Programming Assignment 3: Clustering and Dimensionality Reduction

Team Details:

When submitting, fill your team details in this cell. Note that this is a markdown cell.

========================Remember to remove your Facebook Credentials before submitting

Student 1 Full Name:
Student 1 Student ID:
Student 1 Email Address:

Student 2 Full Name:
Student 2 Student ID:
Student 2 Email Address:

Student 3 Full Name:
Student 3 Student ID:
Student 3 Email Address:

========================Remember to remove your Facebook Credentials before submitting

Assignment Details

In this assignment, you will explore the fascinating concepts of clustering and dimensionality reduction. Since the aim is to get some insights into how and when to use clustering, we will mostly stick to small synthetic datasets. However, for fun, at the end of this assignment, you will write some code to collect your friends information from Facebook and use it for clustering. I got some very interesting results when I run them against my friends' accounts. At a more granular level, you will be doing the following tasks:

1. Evaluation of $k$-Means over Diverse Datasets

In the first task, you will explore how $k$-Means perform on datasets with diverse structure. You will also explore different ways of customizing $k$-Means and learn about how to find good initialization and good value of $k$.

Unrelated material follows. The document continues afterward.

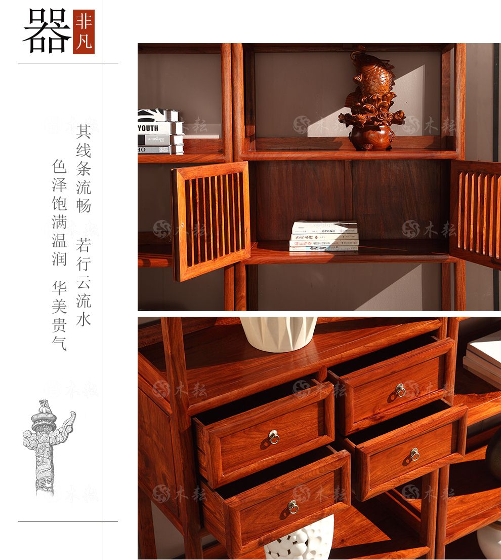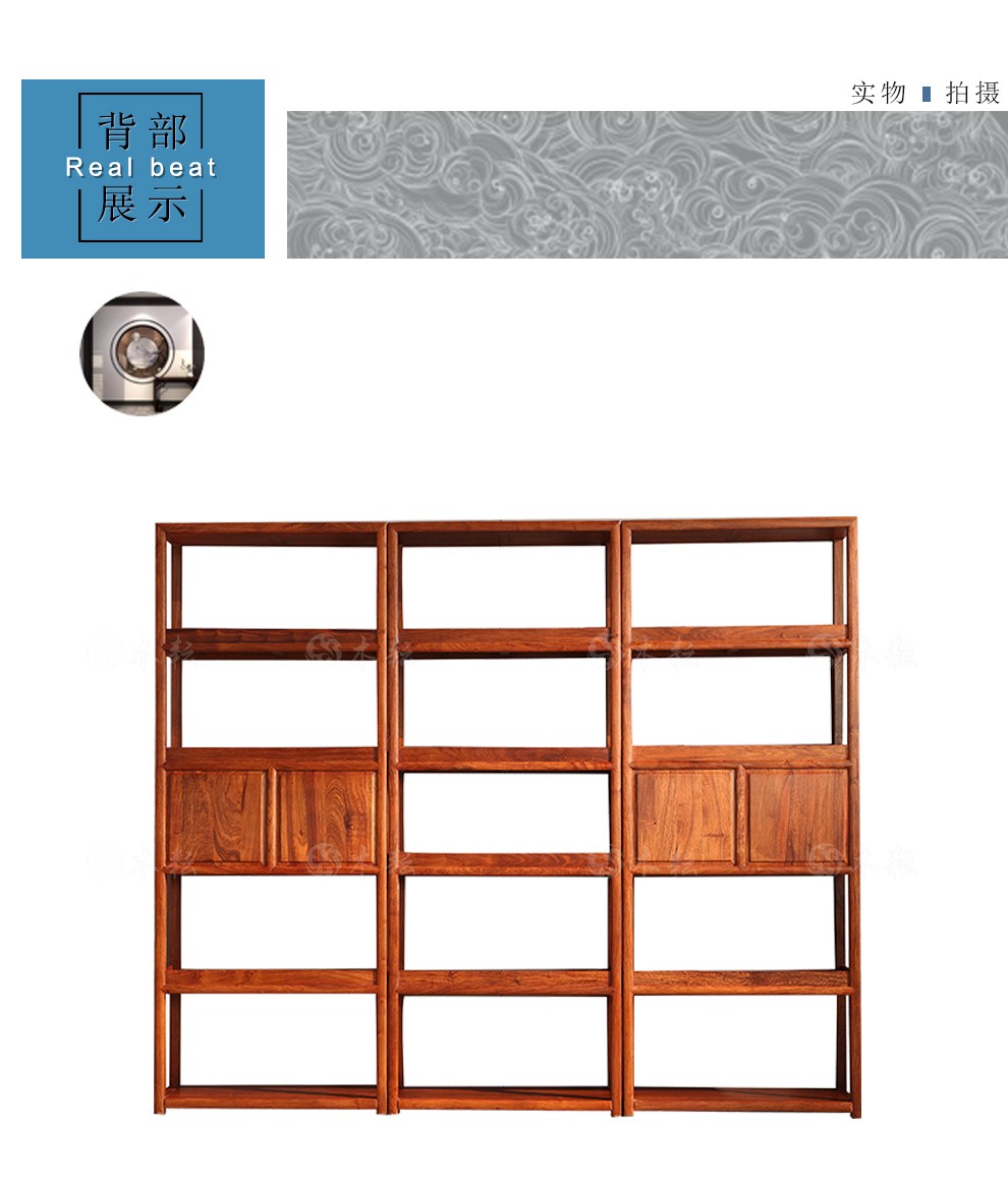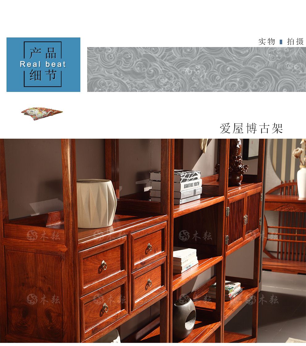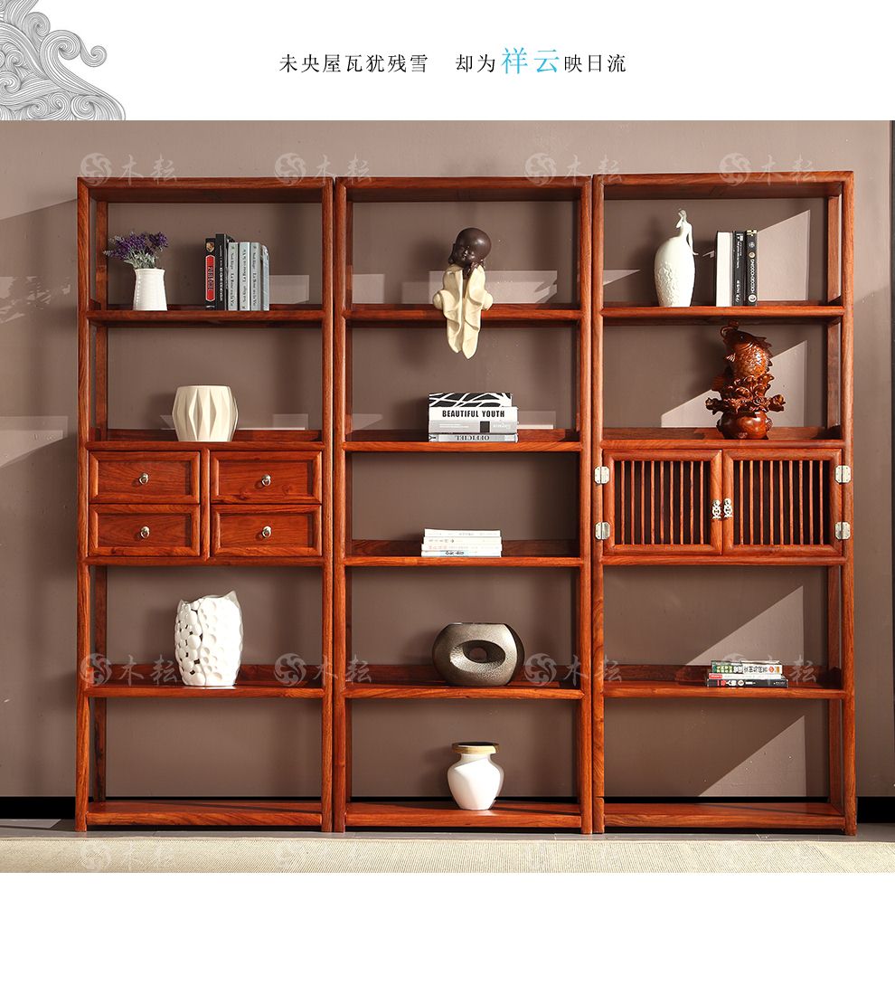 商品名称:木耘 红木家具非洲花梨(学名:刺猬紫檀)三组合博古架实木书柜
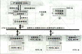 可實現(xiàn)高效的兩級組播;诳臻g總線上的組播信元技術(shù)實現(xiàn),與組播用戶數(shù)無關(guān),同一節(jié)目即使所有用戶加入該頻道,僅需復制一份,不用逐個用戶復制到每個用戶端口,極大節(jié)省了背板帶寬,減輕IP上行負擔?蓪崿F(xiàn)高性能硬件組播轉(zhuǎn)發(fā)。IP上行板采用超大規(guī)模FPGA硬件邏輯處理組播報文,ADSL板采用空間組播處理硬件芯片自動完成向每個ADSL端口(用戶)的組播復制,每ADSL端口組播帶寬6M。

2. Evaluation of Hierarchical Clustering over Diverse Datasets

In this task, you will explore hierarchical clustering over different datasets. You will also evaluate different ways to merge clusters and good way to find the cut-off point for breaking the dendrogram.

3. Comparison of Clustering Evaluation Metrics

In the class, we mostly focused on SSE measure for evaluating how good a cluster is. There are many other statistical measures, and you will test them in this task.

4. Clustering your Facebook Friends

In this task, you will use the scraping knowledge you gained from Programming Assignment 1 to scrape details about your Facebook friends. You will then convert them to an appropriate vector format before clustering them.

5. Dimensionality Reduction

Dimensionality reduction is a key data pre-processing technique. You will perform PCA, a popular dimensionality reduction technique, over few images to get an intuition. Then you will apply it to MNIST data from Programming Assignment 2 to see how it performs.

In [184]:
####################Do not change anything below
%matplotlib inline 

#Array processing
import numpy as np

#Data analysis, wrangling and common exploratory operations
import pandas as pd
from pandas import Series, DataFrame

#For visualization. Matplotlib for basic viz and seaborn for more stylish figures + statistical figures not in MPL.
import matplotlib.pyplot as plt
import seaborn as sns
from IPython.core.display import Image
from IPython.display import display

import sklearn.datasets as datasets
from sklearn.utils import shuffle

from sklearn.cluster import KMeans, AgglomerativeClustering
from scipy.spatial.distance import pdist, squareform
from scipy.cluster.hierarchy import linkage, dendrogram
from sklearn import metrics

#A different implementation of k-means
import scipy as sp
import scipy.cluster.vq
import scipy.spatial.distance
from scipy.spatial.distance import cdist, pdist

from sklearn.datasets import fetch_mldata, fetch_olivetti_faces
from sklearn.utils import shuffle 
from sklearn.svm import LinearSVC
from sklearn.cross_validation import train_test_split
from sklearn.multiclass import OneVsRestClassifier
from sklearn.decomposition import PCA

import time
from collections import defaultdict

#################Might require installation of new packages
#Install selenium. Upgrade it if you have previously installed as recent version has some important bug fixes
import selenium.webdriver as webdriver
from selenium.webdriver.common.by import By

import json
from urlparse import parse_qs, urlsplit, urlunsplit

########################If needed you can import additional packages for helping you, although I would discourage it
########################Put all your imports in the space below. If you use some strange package, 
##########################provide clear information as to how we can install it.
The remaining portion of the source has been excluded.